The xml document type views this document as containing two words, `Tom' and `Jones', each located at a certain field path within the document:

     /Document/_c/Author/_c/Name/_c/FirstName/_c/Tom
     /Document/_c/Author/_c/Name/_c/LastName/_c/Jones

The character, `/', separates the field names, and in this case each field except for `_c' corresponds to an XML element. (Below we shall see an example in which a field corresponds to an XML attribute.) The `_c' is a special field defined by xml that means, “element content.” Thus the following search:

     $ af -s -d mydb -q '/Document/_c/Author/_c/Name/_c/LastName/_c/Jones'

will return jones.xml as a matching result.
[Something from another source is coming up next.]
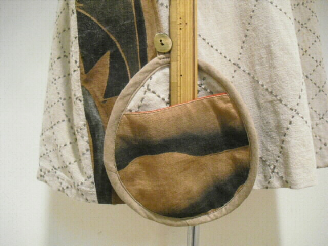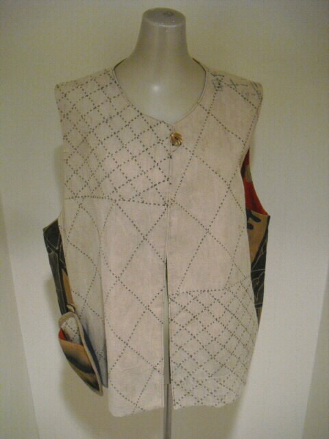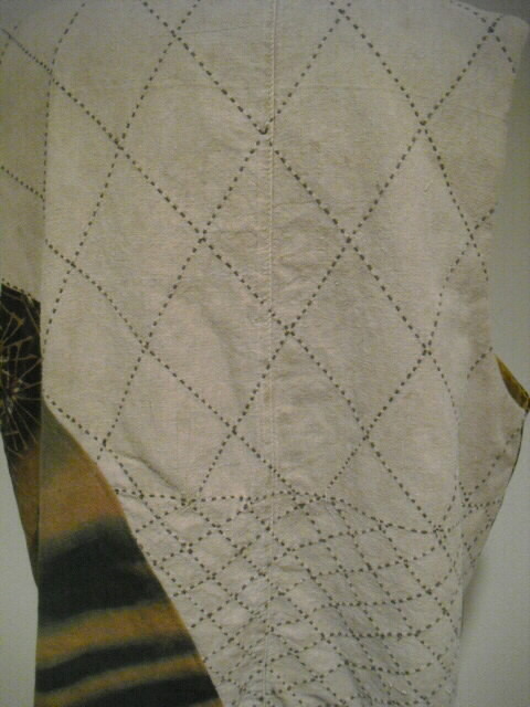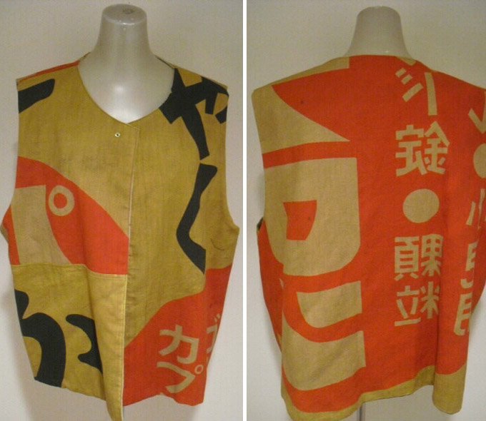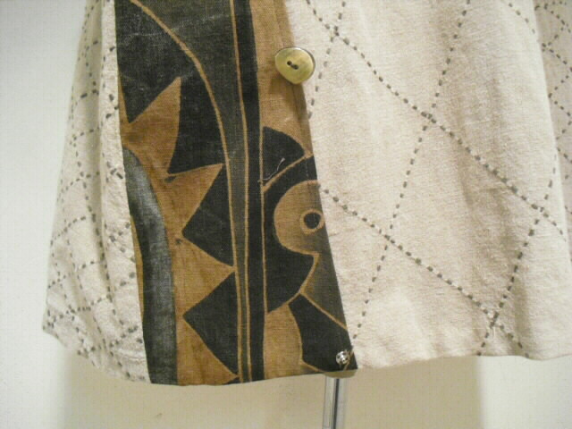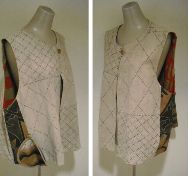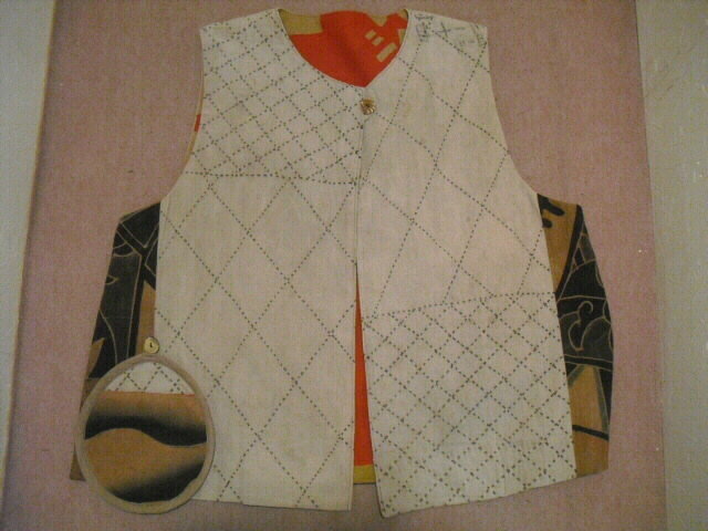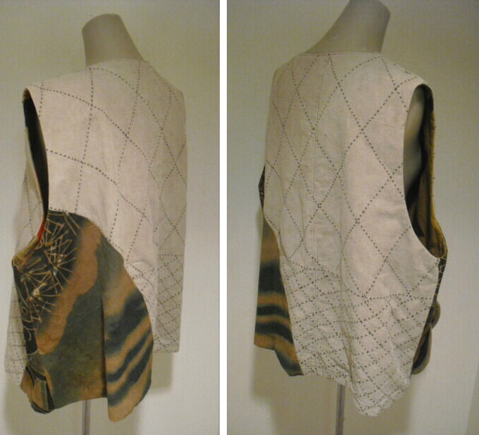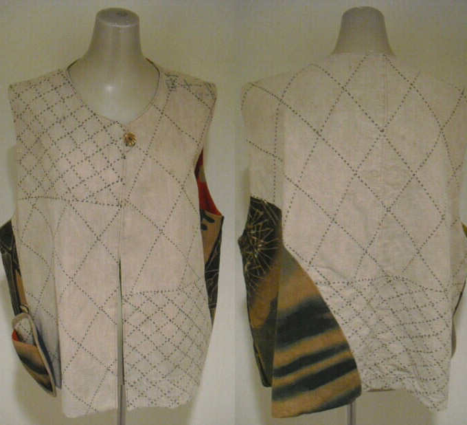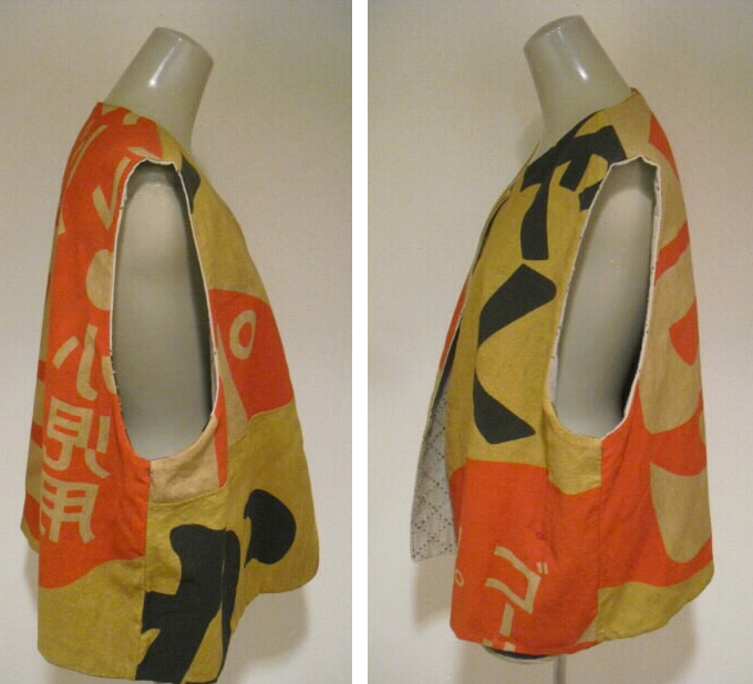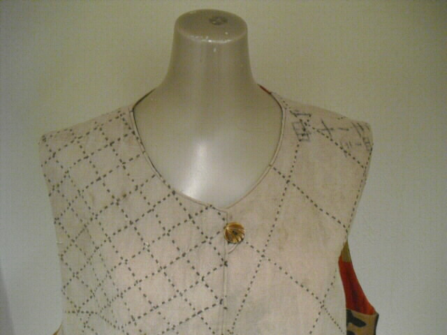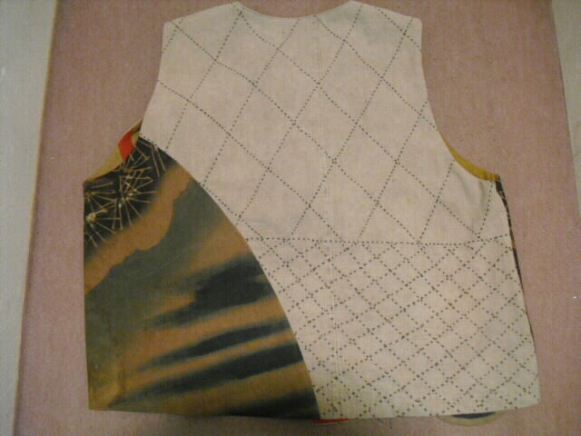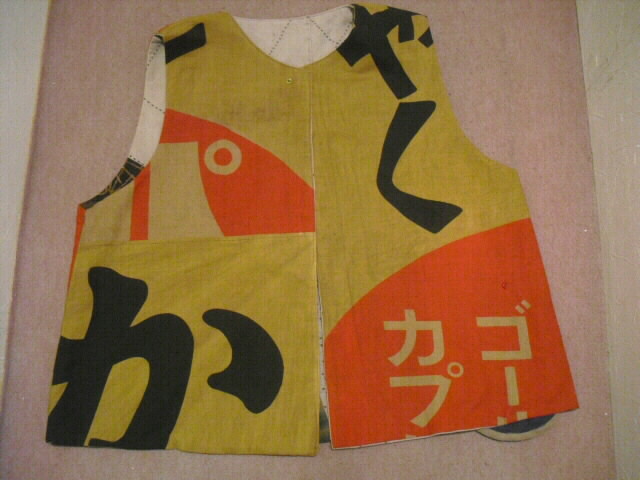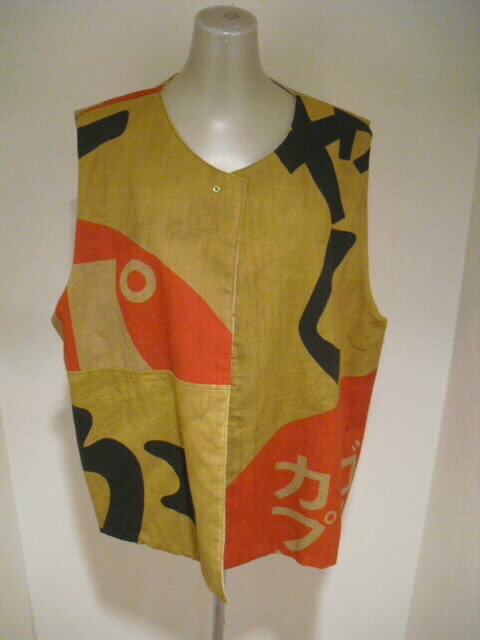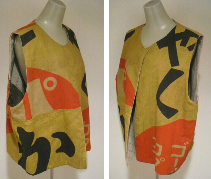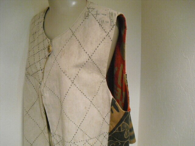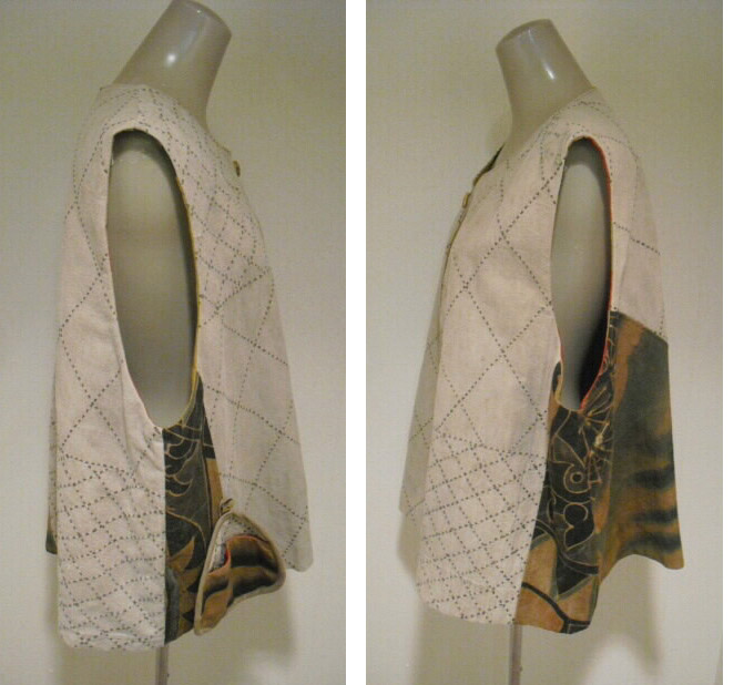 ![]() お洒落なリバーシブルベストです。 ![]() 一着で二着分楽しめます♪ ![]() 綿素材ですのでお手入れも簡単です。 生地は厚手でしっかりしていますが腰が折れた柔らかい手触りです。 ![]() 片面は柿渋鉄媒染した剣道着と武者絵幟(のぼり)で作りました。 ![]() 剣道着をべースにして両脇に武者絵幟を入れています。 ![]() 刺し子が素敵なデザインになっています。 ![]() 前開きで直径1.8cmのループボタンが1個付いています。 ![]() ボタンは水牛の角です。 ![]() ポケットは右脇にあります。 縦18cm、横16.5cm の円形の土台布に深さ14cmのポケットが付いています。 ![]() ポケットの土台は上のループ紐とボタン、下の裏にあるスナップボタンで留めています。 取り外しができます。 ![]() 袖口は大きく開けていますので肩や腕の動きも楽で、インナーに厚手のものや 重ね着をしても無理がありません。大変に便利で着まわしのきくベストです。 ![]() ![]() ![]() 裏は懐かしいパブロンの広告のぼりです。 ![]() こちらも色合いの派手さを抑えるために柿渋で染色しています。 ![]() 周りの視線を惹きつけること間違いなし♪です。 ![]() 両面でまったく雰囲気の違うベストとなります。 ![]() どちらを着るか迷いそう♪おしゃれも2倍楽しめます。
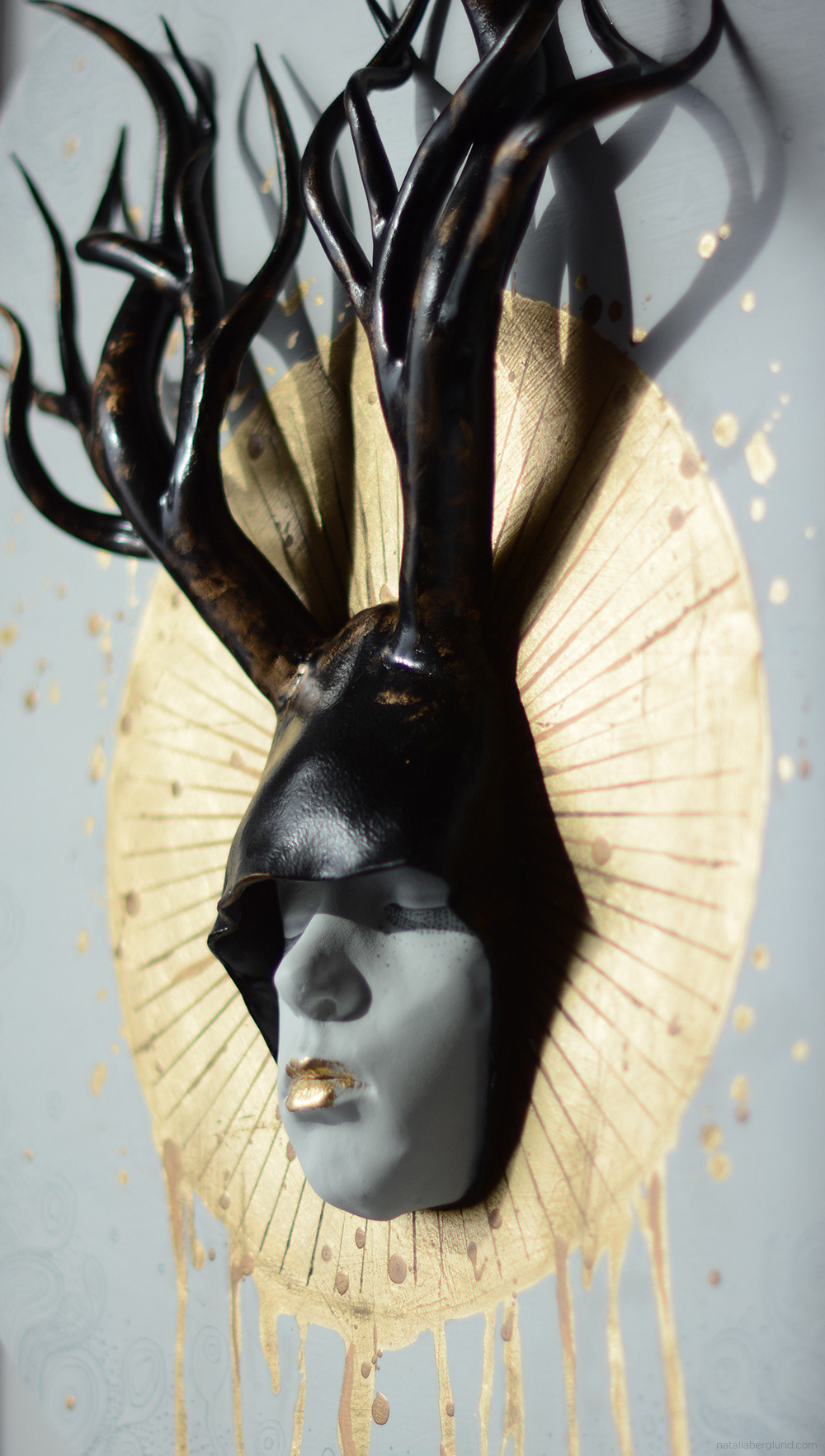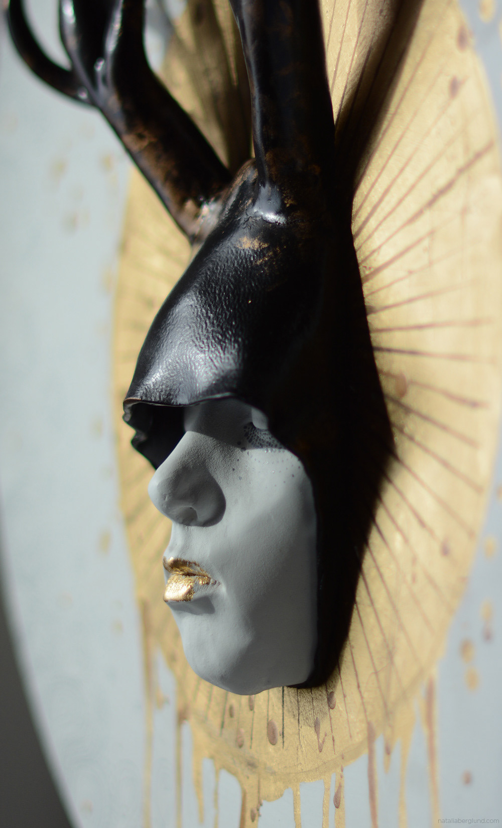 25″ wooden plate, face – gypsum, horns – polymer clay

These queries also will return a positive match:

     $ af -s -d mydb -q '/.../Document/_c/Author/_c/Name/_c/LastName/_c/Jones'
     $ af -s -d mydb -q '/.../_c/Author/_c/Name/_c/LastName/_c/Jones'
     $ af -s -d mydb -q '/.../Author/_c/Name/_c/LastName/_c/Jones'
     $ af -s -d mydb -q '/.../_c/Name/_c/LastName/_c/Jones'
     $ af -s -d mydb -q '/.../Name/_c/LastName/_c/Jones'
     $ af -s -d mydb -q '/.../_c/LastName/_c/Jones'
     $ af -s -d mydb -q '/.../LastName/_c/Jones'
     $ af -s -d mydb -q '/.../_c/Jones'
     $ af -s -d mydb -q '/.../Jones'
     $ af -s -d mydb -q 'Jones'

The `...' is defined by Amberfish as, “a sequence of any zero or more fields.” A `/.../' that begins a field path can be left out completely. For example, these two queries yield the same results:

     $ af -s -d mydb -q '/.../LastName/_c/Jones'
     $ af -s -d mydb -q 'LastName/_c/Jones'

The `...' can be used anywhere within a field path. For example, the following queries match jones.xml:

     $ af -s -d mydb -q '/Document/_c/Author/_c/Name/.../Jones'
     $ af -s -d mydb -q 'Name/.../LastName/.../Jones'

The first of the two examples above will match `Jones' anywhere within the author's name, not necessarily only his last name. The second matches only a last name of Jones, but it need not be the author; for example, it would match a document containing the following fragment:

     <Bibliography>
        <Reference Type="book">
           <Title> Text searching the old fashioned way. </Title>
           <Name>
              <FirstName> Indiana </FirstName>
              <LastName> Jones </LastName>
           </Name>
        </Reference>
     </Bibliography>

Other queries that would match the above fragment:

     $ af -s -d mydb -q 'Reference/_a/Type/book'
     $ af -s -d mydb -q 'Reference/_a/.../book'
     $ af -s -d mydb -q 'Reference/.../book'

The `_a' is another special field defined by xml that means, “attribute content.” Thus `_c' and `_a' allow one to distinguish between attribute and element searching if desired. In constructing queries for this document type, it is always necessary to specify `_c', `_a', or `...' after an element field name and before the next field name or the search word.

Phrase searching with fields is done this way:

     $ af -s -d mydb -q 'Title/.../"text searching"'

or in a multiple term expression:

     $ af -s -d mydb -Q 'Title/.../"text searching" &
                         Name/.../Indiana & Name/.../Jones'